- _Problem requirements_: Starting from the line with "Så nemt kan" and going up to and including the line with "(2) 閉磁路設計.具有低磁漏.低直流電阻.短小輕薄等特點.", copy the listing below exactly. Leave all images out.

- _Records to use_:
# # # # # # #
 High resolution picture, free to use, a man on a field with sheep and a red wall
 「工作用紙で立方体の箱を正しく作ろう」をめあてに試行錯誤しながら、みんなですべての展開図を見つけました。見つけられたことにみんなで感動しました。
# # # # # # #
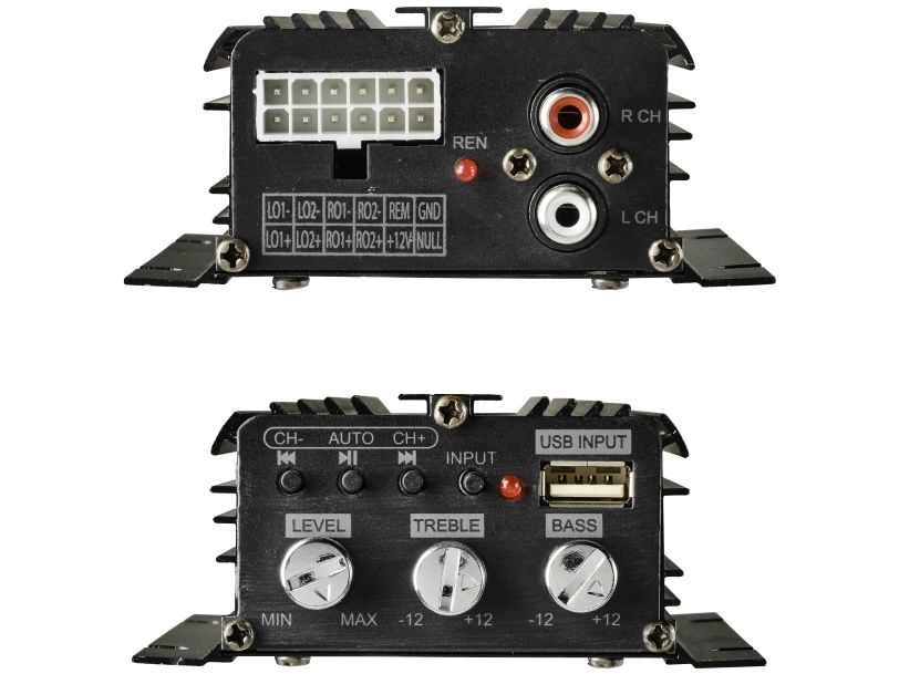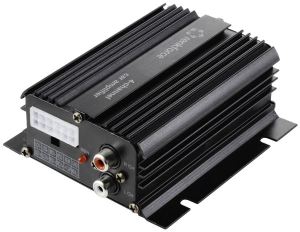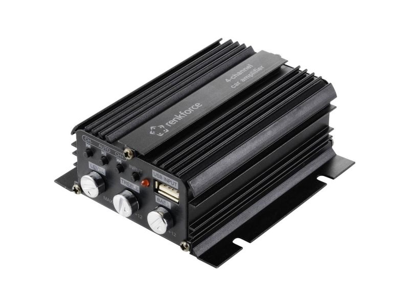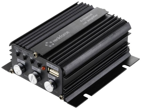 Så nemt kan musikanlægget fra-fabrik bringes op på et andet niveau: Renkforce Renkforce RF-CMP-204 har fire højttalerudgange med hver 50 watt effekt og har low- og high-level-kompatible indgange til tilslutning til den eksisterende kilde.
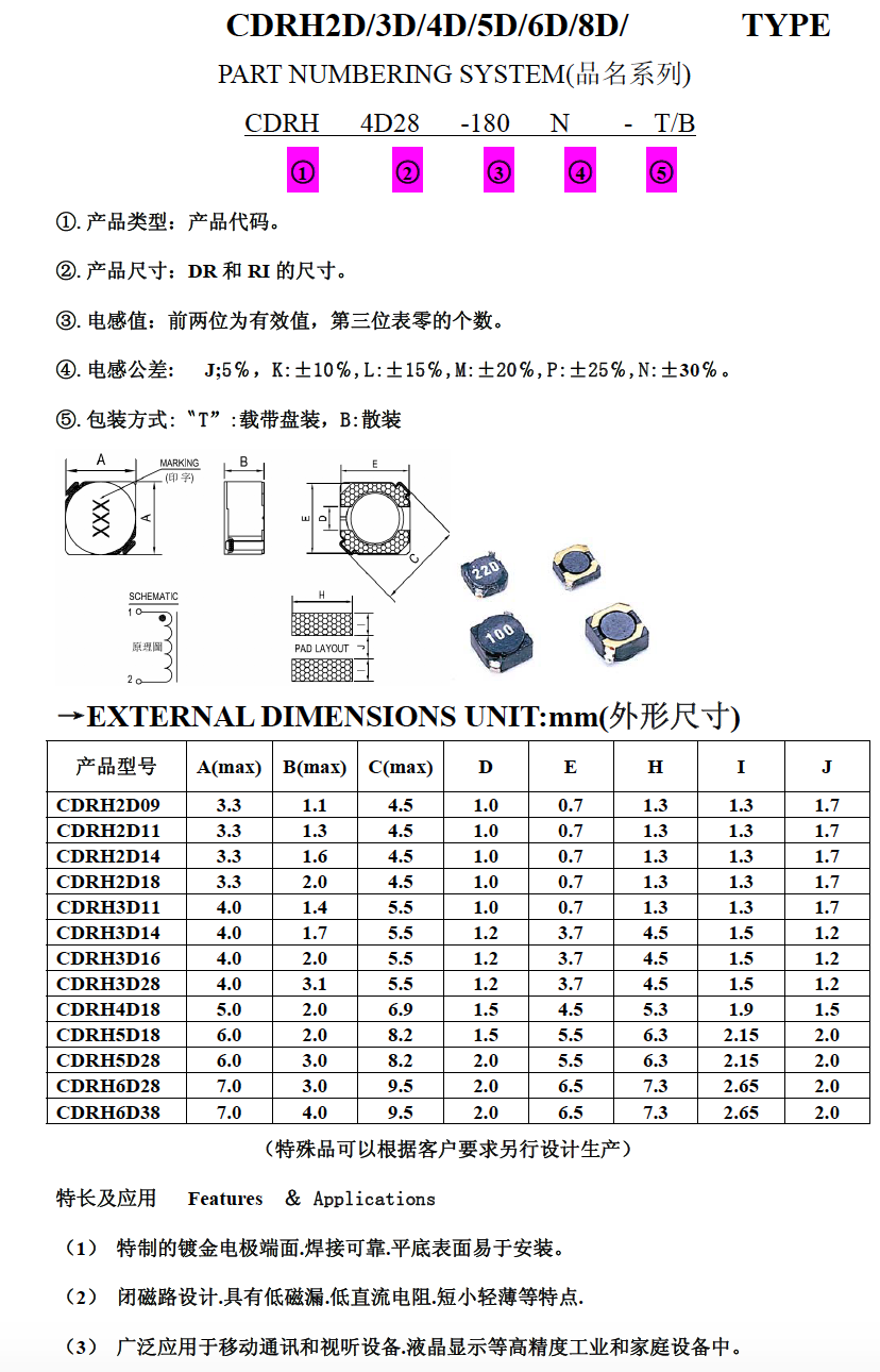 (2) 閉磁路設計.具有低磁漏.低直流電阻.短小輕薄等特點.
# # # # # # #
- _Exercise solution_:
 Så nemt kan musikanlægget fra-fabrik bringes op på et andet niveau: Renkforce Renkforce RF-CMP-204 har fire højttalerudgange med hver 50 watt effekt og har low- og high-level-kompatible indgange til tilslutning til den eksisterende kilde.
 (2) 閉磁路設計.具有低磁漏.低直流電阻.短小輕薄等特點.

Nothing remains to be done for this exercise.